We also need to be able to handle top-level imports being redirected to the
isolated venv
s, which need to be done at a lower level. I couldn’t find a good
interface for this, so I resorted to redefining __import__
(the function that
is called for every import
statement - the entrypoint to the import
mechanism). This isn’t ideal, but it works for now.
However, this alone is insufficient as it doesn’t handle cached modules.
sys.modules
and PyCapsule_Import
Loaded modules are cached in sys.modules
. This isn’t ideal for us, as we need
different venv
s to have different views of the cache (i.e. we don’t want an
import for pandas
from dep_b
being influenced by the cached module for
pandas
populated by importing dep_a
). Initially, my plan was to have the
PathFinder
also be responsible for managing the module cache. Depending on the
venv
, we could swap in a per-venv
cache (I’d even written up a prototype that
was even more automatic by creating a class extending dict
that presented a
different view of it’s contents depending on the location of the caller).

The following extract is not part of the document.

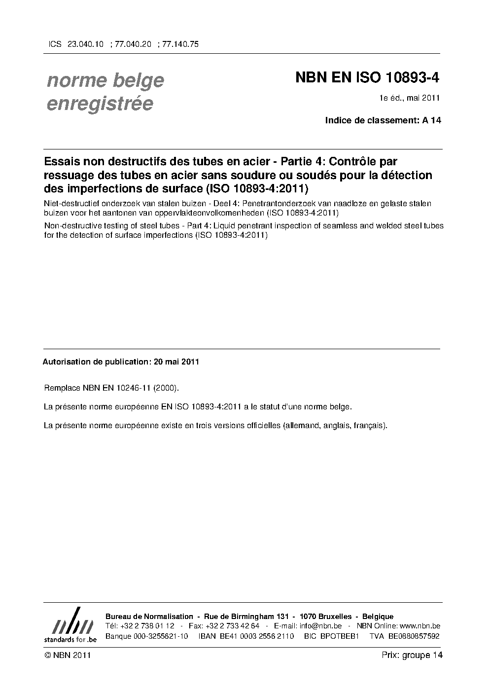 | Publisher | Bureau de Normalisation Belge (NBN) |

While this works amazingly for pure python dependencies, it doesn’t work at all
with c-extensions. For reasons I don’t fully understand the merit of,
PyCapsule
will remember the location of sys.modules
when it is initialized,
and will throw error about not being able to find modules if sys.modules
’
reference ever changes. There is no way around this - you cannot change
sys.modules
at any point in your process, you are only allowed to modify it’s
entries. Since we’re already hooking __import__
, some additional logic was
added to check which venv
the caller is in, and appropriately modify
sys.modules
to provide the appropriate view.
What’s next?
Currently, to tie all of this together, we need a config file that tells our new
import infrastructure how to handle top-level imports. For a demo, I hacked
together a script which generates this, but it is very fragile. A more robust
solution would require inspecting the generated venv
s, and determining all
importable modules that are directly provided by the named dependencies. Also,
while the current script creates one venv
per dependency, it would be more
efficient to group dependencies into maximal non-conflicting sets to reduce the
number of times the import infrastructure needs to change the views. Another
concern is that determining the origin of an import
by inspecting stack frames
might be slow, though it’s unclear if this is actually problematic in real world
usage. A bigger concern is that it’s not always reliable and it’s unclear how
well it would work in the face of generated code (i.e. code generated by
eval
/exec
).
All in all, this is an interesting idea, and it’s not too hard to imagine it being integrated into python tools such as rye. The additional runtime that it needs to inject into the system doesn’t use any non-public python APIs, and it is up to debate whether something like this should be imported by default by the interpreter, or if it should be opt-in on a project by project basis. Regardless, I haven’t seen other implementations that solve this problem in this way before, and I’d be interested to see how the python ecosystem evolves in this area in the future.